_GIVEN ENTRIES_
+++++

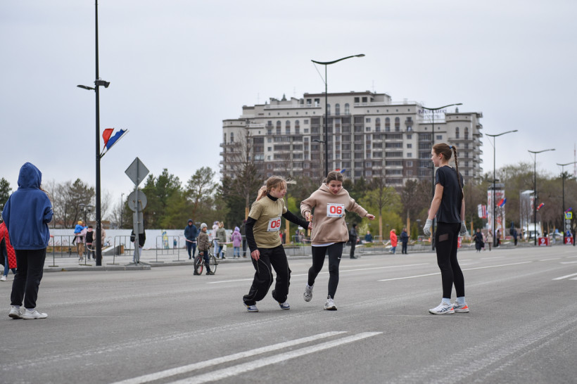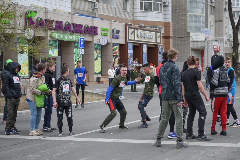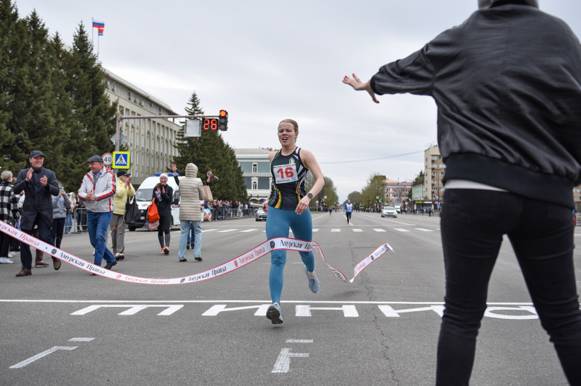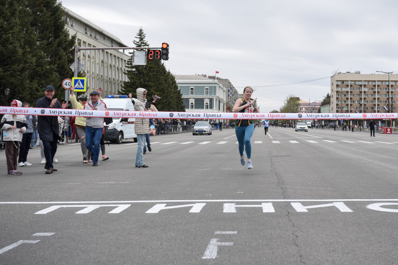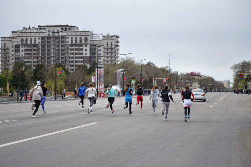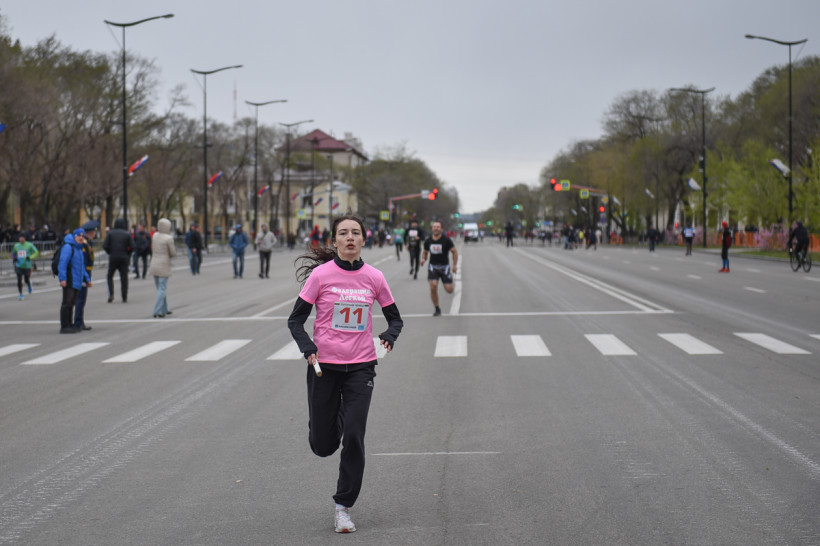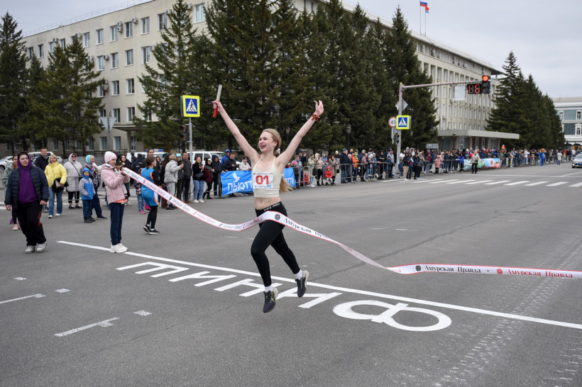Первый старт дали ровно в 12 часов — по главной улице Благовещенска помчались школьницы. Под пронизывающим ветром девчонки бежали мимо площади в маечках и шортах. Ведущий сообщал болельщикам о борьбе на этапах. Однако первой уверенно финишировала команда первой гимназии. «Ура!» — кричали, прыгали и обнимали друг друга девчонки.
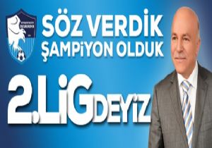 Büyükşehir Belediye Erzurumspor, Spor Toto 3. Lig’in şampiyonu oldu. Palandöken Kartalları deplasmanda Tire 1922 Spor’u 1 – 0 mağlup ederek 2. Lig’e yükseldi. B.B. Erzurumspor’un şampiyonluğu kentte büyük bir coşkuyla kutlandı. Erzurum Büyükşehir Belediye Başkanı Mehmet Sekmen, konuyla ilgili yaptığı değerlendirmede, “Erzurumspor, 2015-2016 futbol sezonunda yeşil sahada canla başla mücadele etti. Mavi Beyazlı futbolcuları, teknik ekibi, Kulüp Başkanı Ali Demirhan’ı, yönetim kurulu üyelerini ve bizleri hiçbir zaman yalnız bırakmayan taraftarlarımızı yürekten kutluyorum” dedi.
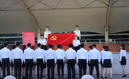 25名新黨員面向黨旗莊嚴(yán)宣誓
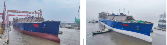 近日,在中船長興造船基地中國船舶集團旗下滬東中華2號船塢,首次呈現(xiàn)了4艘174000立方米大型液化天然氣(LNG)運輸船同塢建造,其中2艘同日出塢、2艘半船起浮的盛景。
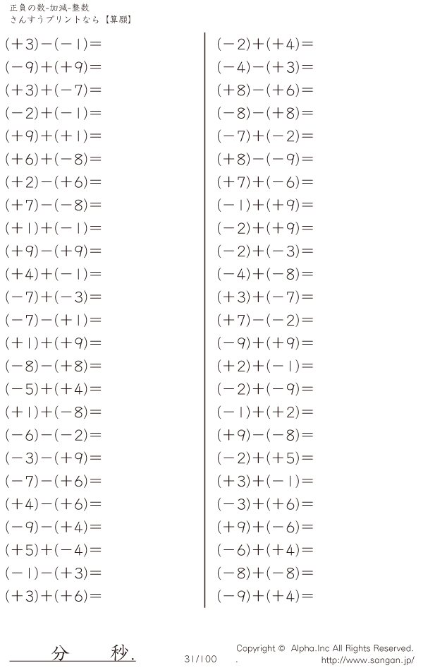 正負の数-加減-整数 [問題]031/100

+++++

An exact copy is required of the lines from the one holding "25名新黨員面向黨旗莊嚴(yán)宣誓" to the end of the entries above, both included; no pictures belong in it.

_EXERCISE RESPONSE_
 25名新黨員面向黨旗莊嚴(yán)宣誓
 近日,在中船長興造船基地中國船舶集團旗下滬東中華2號船塢,首次呈現(xiàn)了4艘174000立方米大型液化天然氣(LNG)運輸船同塢建造,其中2艘同日出塢、2艘半船起浮的盛景。
 正負の数-加減-整数 [問題]031/100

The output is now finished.